[Collection entries]
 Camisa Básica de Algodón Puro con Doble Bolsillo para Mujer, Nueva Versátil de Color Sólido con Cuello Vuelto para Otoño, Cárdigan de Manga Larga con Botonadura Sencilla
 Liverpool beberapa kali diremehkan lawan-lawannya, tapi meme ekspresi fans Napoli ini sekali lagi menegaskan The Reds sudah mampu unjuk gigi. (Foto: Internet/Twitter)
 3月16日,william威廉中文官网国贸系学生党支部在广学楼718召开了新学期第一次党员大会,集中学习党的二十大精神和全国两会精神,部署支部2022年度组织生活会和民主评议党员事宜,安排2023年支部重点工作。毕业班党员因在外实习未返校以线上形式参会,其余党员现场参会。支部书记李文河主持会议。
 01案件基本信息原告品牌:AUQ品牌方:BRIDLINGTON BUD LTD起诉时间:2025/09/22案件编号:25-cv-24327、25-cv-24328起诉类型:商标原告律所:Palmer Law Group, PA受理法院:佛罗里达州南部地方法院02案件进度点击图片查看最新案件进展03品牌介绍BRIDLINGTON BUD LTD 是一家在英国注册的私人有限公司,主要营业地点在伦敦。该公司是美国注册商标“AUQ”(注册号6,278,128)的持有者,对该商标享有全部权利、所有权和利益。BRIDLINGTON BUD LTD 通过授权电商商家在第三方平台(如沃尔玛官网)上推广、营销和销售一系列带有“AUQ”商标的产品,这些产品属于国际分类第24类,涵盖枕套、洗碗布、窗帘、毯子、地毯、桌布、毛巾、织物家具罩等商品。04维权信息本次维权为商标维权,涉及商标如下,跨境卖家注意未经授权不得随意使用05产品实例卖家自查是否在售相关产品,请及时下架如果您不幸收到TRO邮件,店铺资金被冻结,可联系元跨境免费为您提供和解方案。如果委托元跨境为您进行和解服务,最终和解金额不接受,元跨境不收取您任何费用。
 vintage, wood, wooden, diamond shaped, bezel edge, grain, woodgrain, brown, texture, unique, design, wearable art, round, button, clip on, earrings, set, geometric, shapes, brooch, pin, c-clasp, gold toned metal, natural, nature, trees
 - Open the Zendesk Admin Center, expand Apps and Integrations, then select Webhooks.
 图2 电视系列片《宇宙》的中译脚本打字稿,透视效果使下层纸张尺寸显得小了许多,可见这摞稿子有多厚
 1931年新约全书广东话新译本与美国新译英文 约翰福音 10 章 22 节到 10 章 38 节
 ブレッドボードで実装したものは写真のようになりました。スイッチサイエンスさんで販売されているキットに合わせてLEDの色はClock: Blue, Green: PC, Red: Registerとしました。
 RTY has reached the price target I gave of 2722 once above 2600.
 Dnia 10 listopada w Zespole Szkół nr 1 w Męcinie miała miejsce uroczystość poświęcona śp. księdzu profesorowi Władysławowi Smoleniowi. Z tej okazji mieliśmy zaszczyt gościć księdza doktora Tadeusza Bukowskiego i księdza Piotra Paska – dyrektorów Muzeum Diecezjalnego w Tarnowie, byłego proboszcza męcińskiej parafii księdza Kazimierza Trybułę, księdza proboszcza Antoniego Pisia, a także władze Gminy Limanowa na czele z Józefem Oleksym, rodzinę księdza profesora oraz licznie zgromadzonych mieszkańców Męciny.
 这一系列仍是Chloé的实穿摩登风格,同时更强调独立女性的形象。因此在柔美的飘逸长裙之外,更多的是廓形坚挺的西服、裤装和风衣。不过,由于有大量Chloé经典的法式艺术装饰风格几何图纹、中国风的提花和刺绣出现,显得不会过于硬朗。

To do
Repeat every entry exactly as written above.

Response below
 Camisa Básica de Algodón Puro con Doble Bolsillo para Mujer, Nueva Versátil de Color Sólido con Cuello Vuelto para Otoño, Cárdigan de Manga Larga con Botonadura Sencilla
 Liverpool beberapa kali diremehkan lawan-lawannya, tapi meme ekspresi fans Napoli ini sekali lagi menegaskan The Reds sudah mampu unjuk gigi. (Foto: Internet/Twitter)
 3月16日,william威廉中文官网国贸系学生党支部在广学楼718召开了新学期第一次党员大会,集中学习党的二十大精神和全国两会精神,部署支部2022年度组织生活会和民主评议党员事宜,安排2023年支部重点工作。毕业班党员因在外实习未返校以线上形式参会,其余党员现场参会。支部书记李文河主持会议。
 01案件基本信息原告品牌:AUQ品牌方:BRIDLINGTON BUD LTD起诉时间:2025/09/22案件编号:25-cv-24327、25-cv-24328起诉类型:商标原告律所:Palmer Law Group, PA受理法院:佛罗里达州南部地方法院02案件进度点击图片查看最新案件进展03品牌介绍BRIDLINGTON BUD LTD 是一家在英国注册的私人有限公司,主要营业地点在伦敦。该公司是美国注册商标“AUQ”(注册号6,278,128)的持有者,对该商标享有全部权利、所有权和利益。BRIDLINGTON BUD LTD 通过授权电商商家在第三方平台(如沃尔玛官网)上推广、营销和销售一系列带有“AUQ”商标的产品,这些产品属于国际分类第24类,涵盖枕套、洗碗布、窗帘、毯子、地毯、桌布、毛巾、织物家具罩等商品。04维权信息本次维权为商标维权,涉及商标如下,跨境卖家注意未经授权不得随意使用05产品实例卖家自查是否在售相关产品,请及时下架如果您不幸收到TRO邮件,店铺资金被冻结,可联系元跨境免费为您提供和解方案。如果委托元跨境为您进行和解服务,最终和解金额不接受,元跨境不收取您任何费用。
 vintage, wood, wooden, diamond shaped, bezel edge, grain, woodgrain, brown, texture, unique, design, wearable art, round, button, clip on, earrings, set, geometric, shapes, brooch, pin, c-clasp, gold toned metal, natural, nature, trees
 - Open the Zendesk Admin Center, expand Apps and Integrations, then select Webhooks.
 图2 电视系列片《宇宙》的中译脚本打字稿,透视效果使下层纸张尺寸显得小了许多,可见这摞稿子有多厚
 1931年新约全书广东话新译本与美国新译英文 约翰福音 10 章 22 节到 10 章 38 节
 ブレッドボードで実装したものは写真のようになりました。スイッチサイエンスさんで販売されているキットに合わせてLEDの色はClock: Blue, Green: PC, Red: Registerとしました。
 RTY has reached the price target I gave of 2722 once above 2600.
 Dnia 10 listopada w Zespole Szkół nr 1 w Męcinie miała miejsce uroczystość poświęcona śp. księdzu profesorowi Władysławowi Smoleniowi. Z tej okazji mieliśmy zaszczyt gościć księdza doktora Tadeusza Bukowskiego i księdza Piotra Paska – dyrektorów Muzeum Diecezjalnego w Tarnowie, byłego proboszcza męcińskiej parafii księdza Kazimierza Trybułę, księdza proboszcza Antoniego Pisia, a także władze Gminy Limanowa na czele z Józefem Oleksym, rodzinę księdza profesora oraz licznie zgromadzonych mieszkańców Męciny.
 这一系列仍是Chloé的实穿摩登风格,同时更强调独立女性的形象。因此在柔美的飘逸长裙之外,更多的是廓形坚挺的西服、裤装和风衣。不过,由于有大量Chloé经典的法式艺术装饰风格几何图纹、中国风的提花和刺绣出现,显得不会过于硬朗。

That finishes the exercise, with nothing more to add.